‘The Constitution Is Not a Suicide Pact’
By the time Arthur Terminiello arrived at Chicago’s West End Woman’s Club on a Thursday evening in February 1946, a hostile crowd that would swell to 1,000 or so protesters had already gathered outside the auditorium. They were outraged by the event at which Terminiello was scheduled to speak: a Christian Veterans of America meeting organized by the evangelist Gerald L.K. Smith, a flagrantly antisemitic populist and spectacularly unsuccessful presidential candidate who had founded the America First Party three years earlier.
Picketers blocked access to the building, repeatedly tried to force their way in, and castigated those who dared to enter, calling them “Nazis,” “Hitlers,” and “damned fascists.” An overmatched contingent of about 70 police officers escorted speakers and attendees into the building while vainly trying to maintain order. Angry protesters tore people’s clothing and hurled vegetables, rocks, bottles, and stench bombs, breaking more than two dozen windows and injuring three officers.
The riot resulted in 19 arrests, though most of the charges were later dismissed. One charge that stuck: Terminiello, a suspended Catholic priest from Alabama who was advertised as “the Father Coughlin of the South,” was charged with “breach of the peace”—a species of “disorderly conduct.” A municipal court jury convicted him of that offense two months later, and he was fined $100, equivalent to about $1,700 today.

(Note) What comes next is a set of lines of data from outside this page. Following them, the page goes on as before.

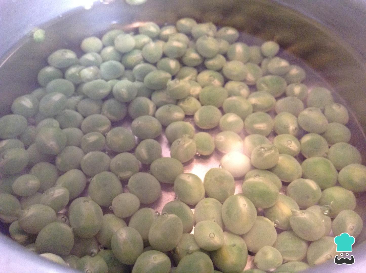 Lleva una olla con agua a fuego medio y, una vez hierva el agua, adiciona los guisantes o arvejas con un poco de sal. Deja cocinar hasta que estén blandos.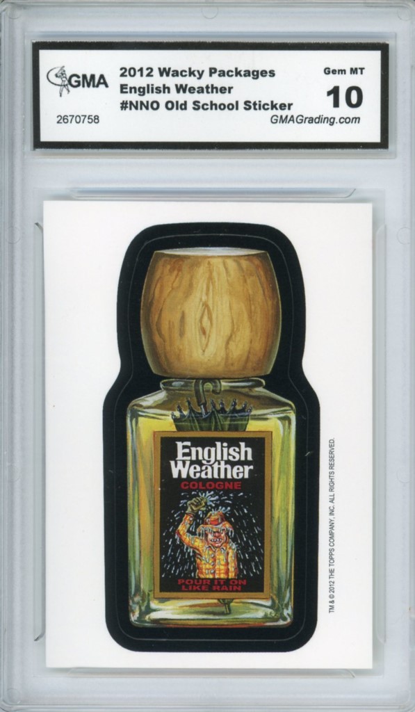 2012 Topps Wacky Packages Old School Series 4 English Weather Sticker Ludlow Back Variation GMA Professional Graded 10 Gem MT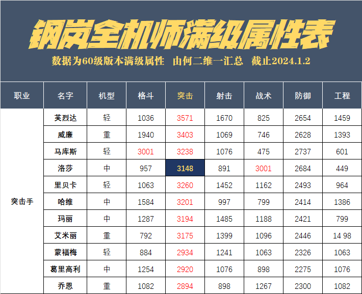 而今天咱们的主角,威廉的属性则是排名全突击的第2,不过说实话他和芙烈达的属性差距还是有点打的,如果我们用威廉的突击属性3403作为基础,芙烈达就要高出威廉5%之多,这个幅度已经是钢岚里相当大的一个差距了,大家参考下即可,哦对了这里特别提一句,芙烈达的突击属性要比洛莎高出13.5%......

Terminiello, who argued that he was being punished for constitutionally protected speech, unsuccessfully challenged his conviction in the First District Appellate Court and the Illinois Supreme Court.

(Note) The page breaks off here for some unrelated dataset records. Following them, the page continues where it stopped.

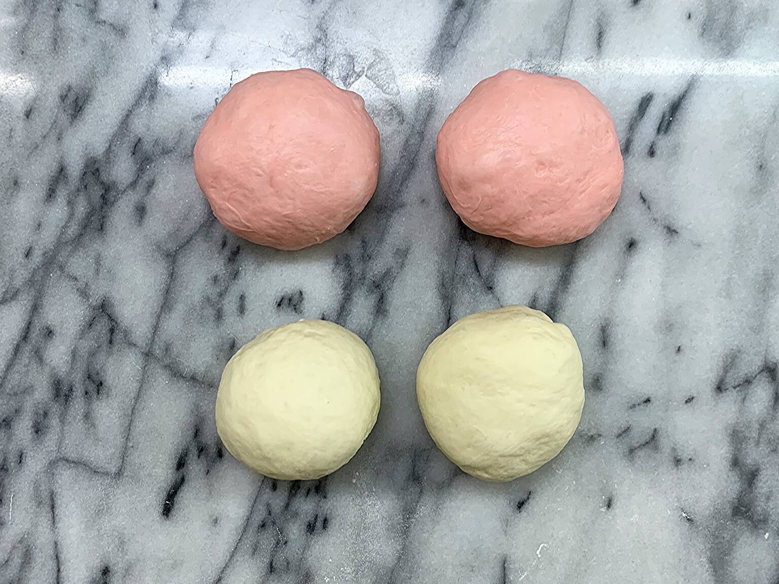- 鬆弛&分割:從冰箱取出冷藏發酵完成的麵糰,待其稍微回溫,輕拍排出空氣,分切成4等分,我是做雙色所以1個色各是2個,總共4個。每個小麵糰約是60g左右,滾圓整成圓球型,蓋上濕布或保鮮膜,靜置鬆弛10分鐘左右。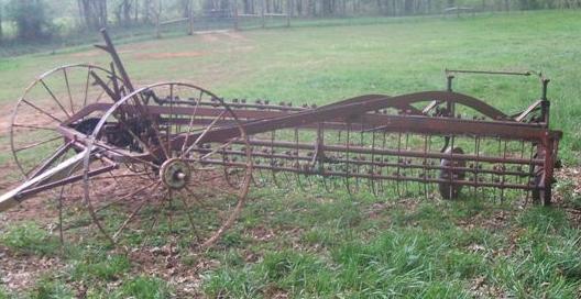 Our McC-D rake had 2 large 3-4 foot steel wheels in front, 4 bars of tines that spun on a reel that was at an angle to direction of travel. The tumbling tines would gently kick and roll the hay into straight narrow rows, ready for the hay wagon and hay loader. A smaller caster wheel turned in the back. The driver saw up quite high, unlike the hay mower. I like raking hay. I had a good view, breeze blowing, straw hat to keep the sun off, the wonderful smell of cured hay. Horses, whether mowing or raking, moved at about 2 to 2 ½ miles per hour.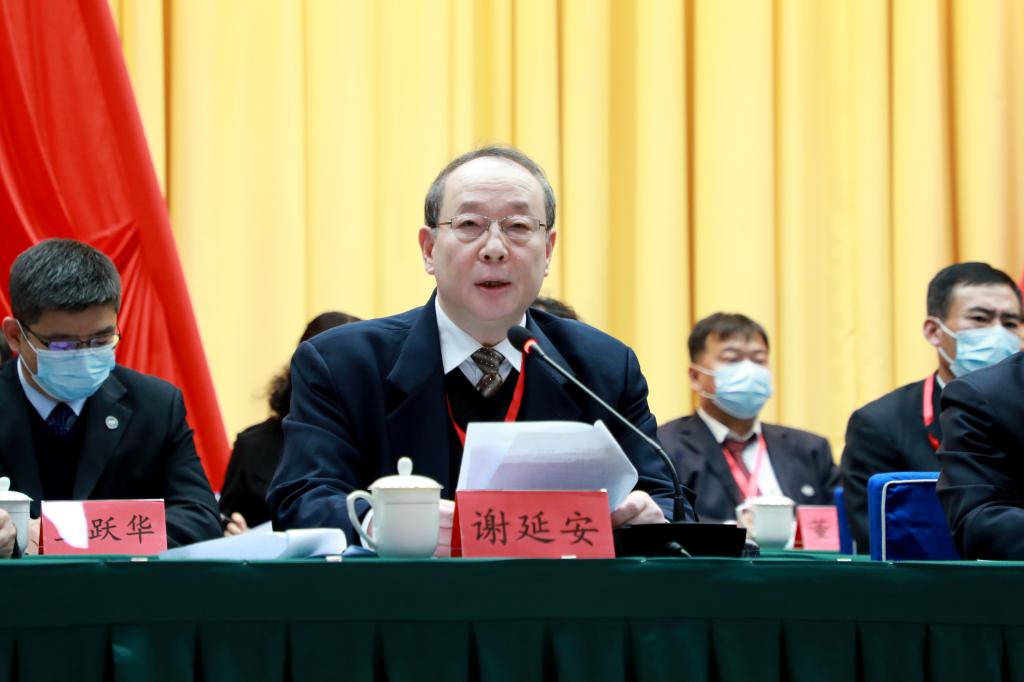 下午1:40,校党委副书记谢延安宣布乌鸦传媒九届四次教职工代表大会暨十届四次工会会员代表大会开幕。校长赵丁选作了题为《积厚成势 笃行致远 奋力开创学校内涵式高质量发展新局面》的工作报告。报告分为2022年工作回顾、学校发展前景分析与设想、2023年学校重点工作三部分。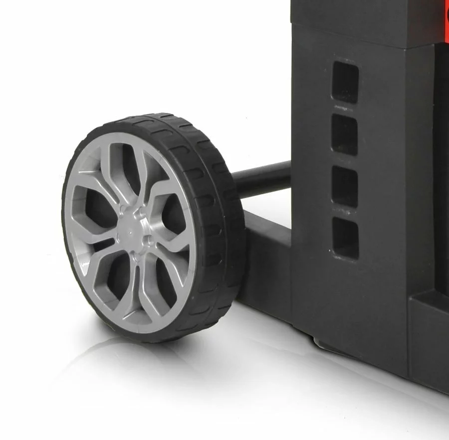 Подрібнювач має мобільну стійку. У ньому два великі, стійкі колеса зі спеціальним профілем і рукояткою. Таким чином, Hecht 625 BOX транспортується швидко і зручно до місця його використання і є безпечною і стабільною. Вузька конструкція займає мало місця для зберігання і, отже, особливо економить простір.

Terminiello had more luck with the U.S. Supreme Court, which in May 1949 ruled that the Chicago ordinance under which he had been convicted, as construed by the trial court, was inconsistent with the First Amendment. Municipal Court Judge John McCormick had instructed the jury that “misbehavior may constitute a breach of the peace if it stirs the public to anger, invites dispute, brings about a condition of unrest, or creates a disturbance, or if it molests the inhabitants in the enjoyment of peace and quiet by arousing alarm.” That construction, the Supreme Court said, was plainly at odds with freedom of speech.

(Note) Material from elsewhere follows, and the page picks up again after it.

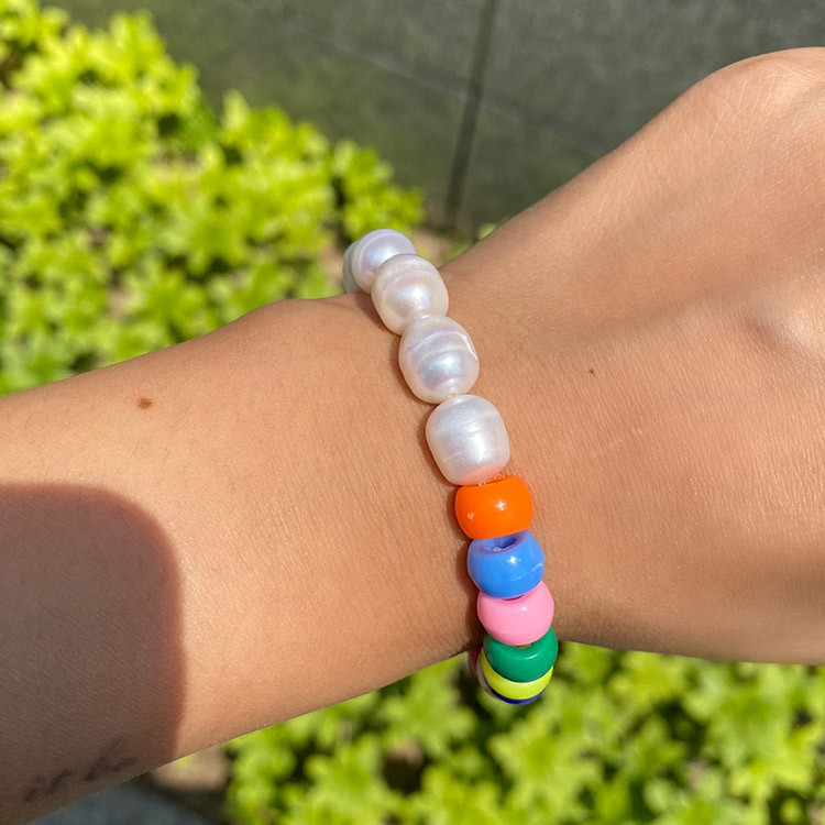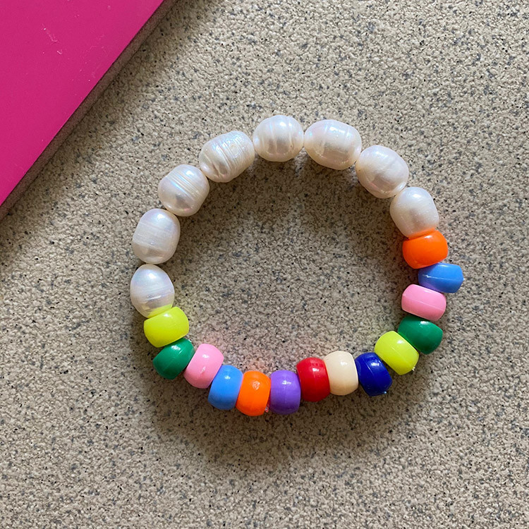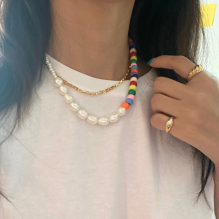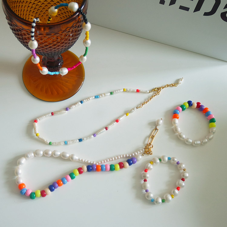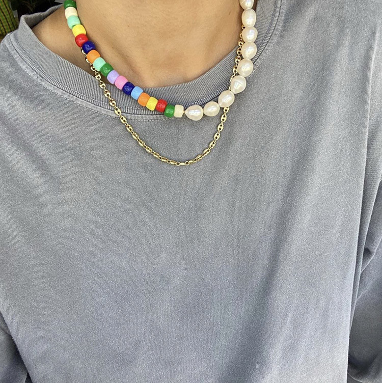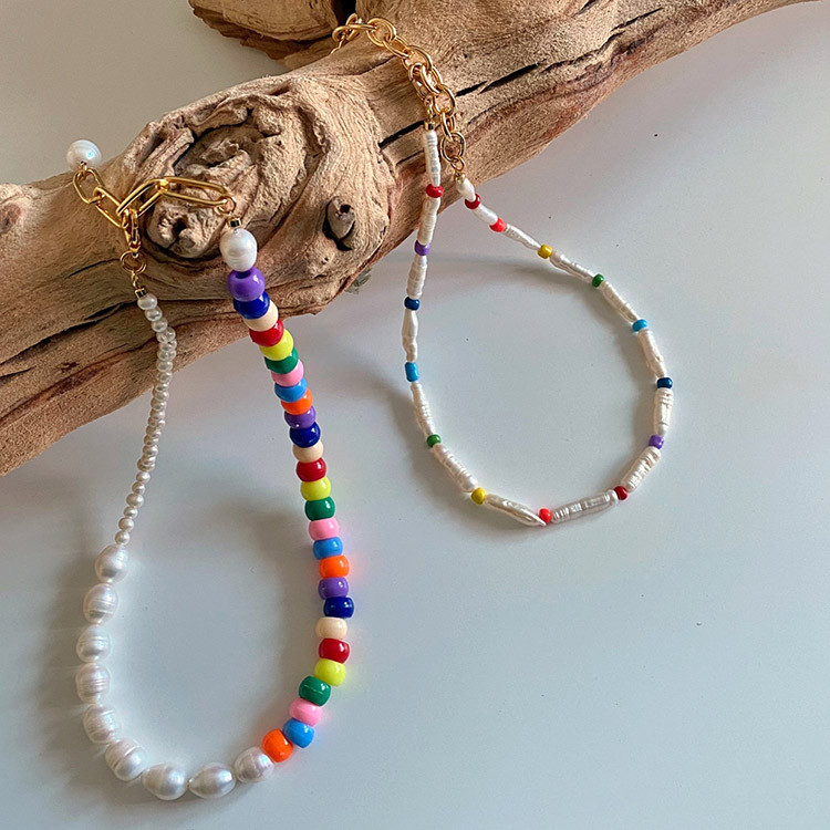 컬러풀 포니 비즈 천연 담수 진주 목걸이

“A function of free speech under our system of government is to invite dispute,” Justice William O. Douglas wrote for the majority in Terminiello v. Chicago. “It may indeed best serve its high purpose when it induces a condition of unrest, creates dissatisfaction with conditions as they are, or even stirs people to anger. Speech is often provocative and challenging. It may strike at prejudices and preconceptions and have profound unsettling effects as it presses for acceptance of an idea. That is why freedom of speech, though not absolute, is nevertheless protected against censorship or punishment, unless shown likely to produce a clear and present danger of a serious substantive evil that rises far above public inconvenience, annoyance, or unrest. There is no room under our Constitution for a more restrictive view.”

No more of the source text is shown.